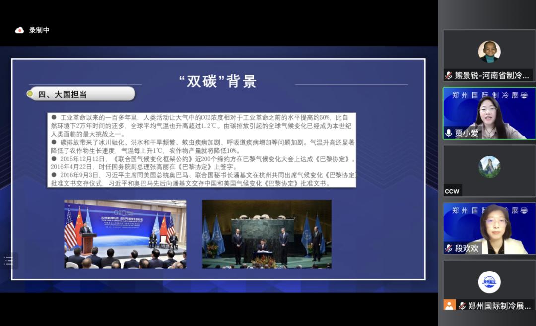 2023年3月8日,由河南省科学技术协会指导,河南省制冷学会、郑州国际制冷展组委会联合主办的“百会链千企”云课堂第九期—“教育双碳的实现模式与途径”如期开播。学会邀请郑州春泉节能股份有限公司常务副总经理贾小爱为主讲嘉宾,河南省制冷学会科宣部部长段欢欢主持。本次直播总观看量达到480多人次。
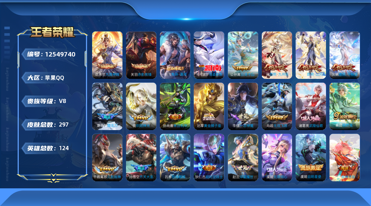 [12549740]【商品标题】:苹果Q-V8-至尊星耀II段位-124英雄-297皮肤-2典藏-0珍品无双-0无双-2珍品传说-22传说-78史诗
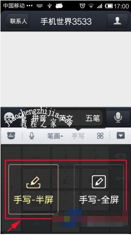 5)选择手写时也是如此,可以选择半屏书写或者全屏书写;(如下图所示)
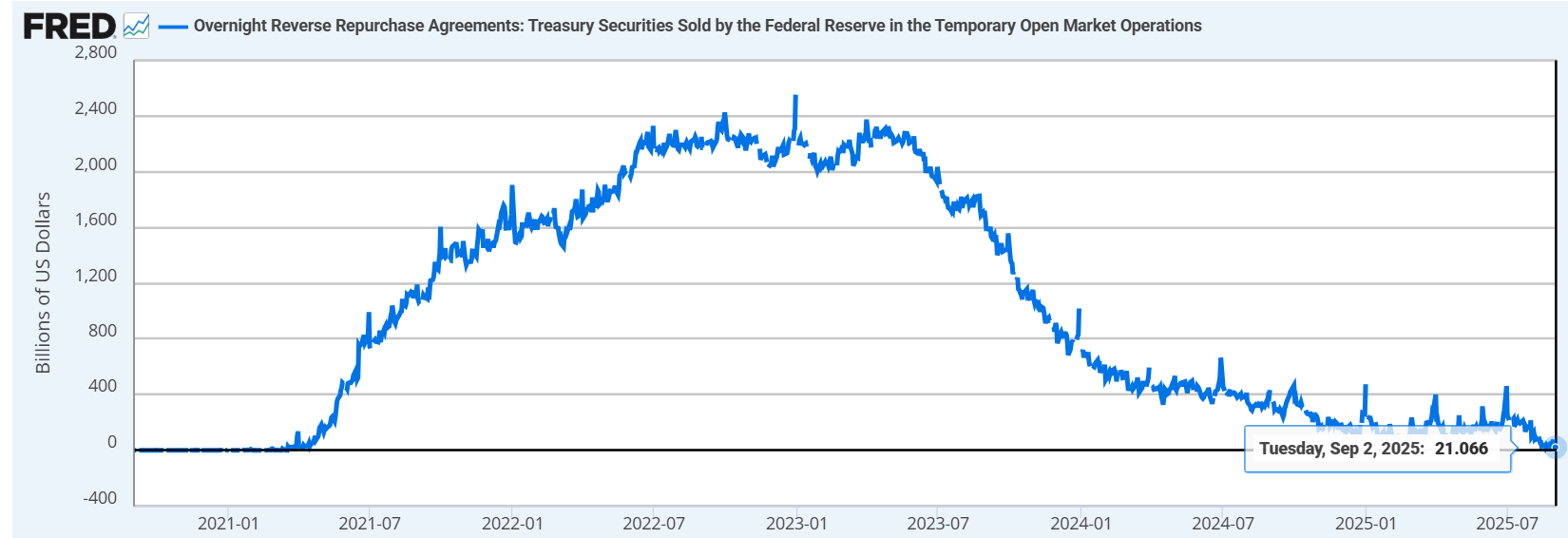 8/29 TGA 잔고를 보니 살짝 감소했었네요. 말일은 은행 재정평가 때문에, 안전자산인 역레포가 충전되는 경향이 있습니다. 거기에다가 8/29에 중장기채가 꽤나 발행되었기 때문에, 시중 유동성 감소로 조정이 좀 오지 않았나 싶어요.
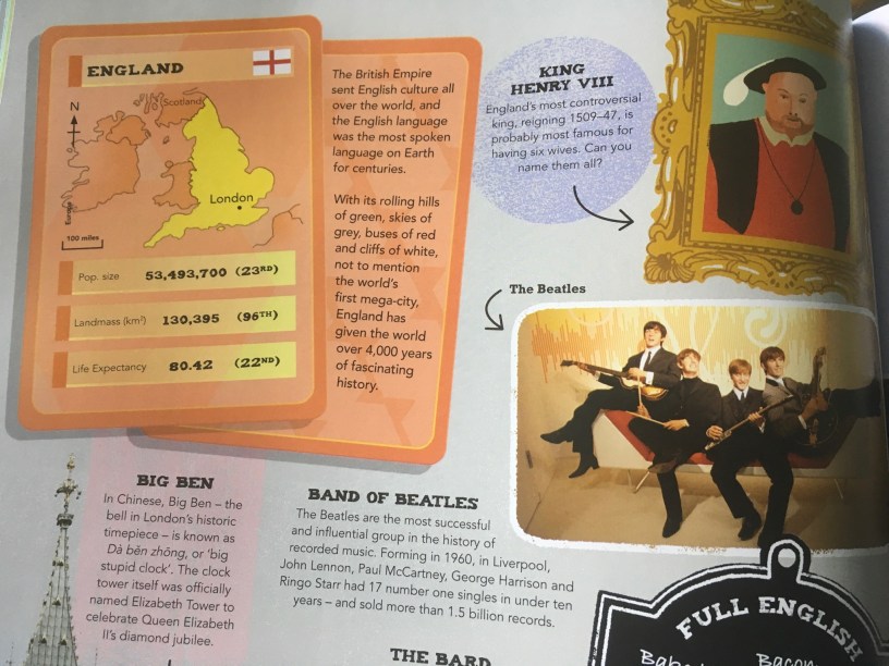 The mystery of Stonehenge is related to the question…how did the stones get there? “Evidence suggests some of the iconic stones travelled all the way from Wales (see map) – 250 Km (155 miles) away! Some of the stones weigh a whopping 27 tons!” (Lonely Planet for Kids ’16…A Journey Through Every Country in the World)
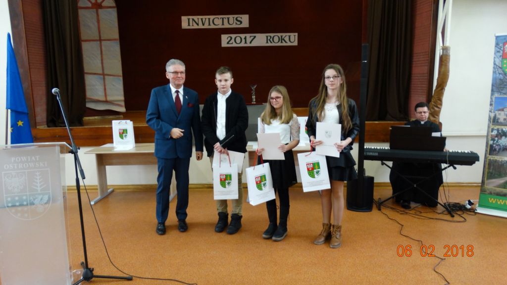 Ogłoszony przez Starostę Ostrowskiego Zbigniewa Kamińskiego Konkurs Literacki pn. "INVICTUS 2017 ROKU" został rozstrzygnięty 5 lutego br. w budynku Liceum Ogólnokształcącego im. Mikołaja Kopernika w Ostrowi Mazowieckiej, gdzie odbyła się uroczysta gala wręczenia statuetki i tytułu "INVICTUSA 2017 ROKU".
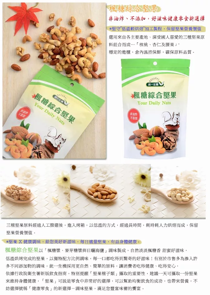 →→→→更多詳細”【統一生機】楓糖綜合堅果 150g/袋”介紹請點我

▶ _ACTION ITEM_: In the data above, find the line with "[12549740]【商品标" and the line with "The mystery of". Please copy exactly those two lines and every line between them, but not the pictures.

▶ _EXERCISE SOLUTION_:
 [12549740]【商品标题】:苹果Q-V8-至尊星耀II段位-124英雄-297皮肤-2典藏-0珍品无双-0无双-2珍品传说-22传说-78史诗
 5)选择手写时也是如此,可以选择半屏书写或者全屏书写;(如下图所示)
 8/29 TGA 잔고를 보니 살짝 감소했었네요. 말일은 은행 재정평가 때문에, 안전자산인 역레포가 충전되는 경향이 있습니다. 거기에다가 8/29에 중장기채가 꽤나 발행되었기 때문에, 시중 유동성 감소로 조정이 좀 오지 않았나 싶어요.
 The mystery of Stonehenge is related to the question…how did the stones get there? “Evidence suggests some of the iconic stones travelled all the way from Wales (see map) – 250 Km (155 miles) away! Some of the stones weigh a whopping 27 tons!” (Lonely Planet for Kids ’16…A Journey Through Every Country in the World)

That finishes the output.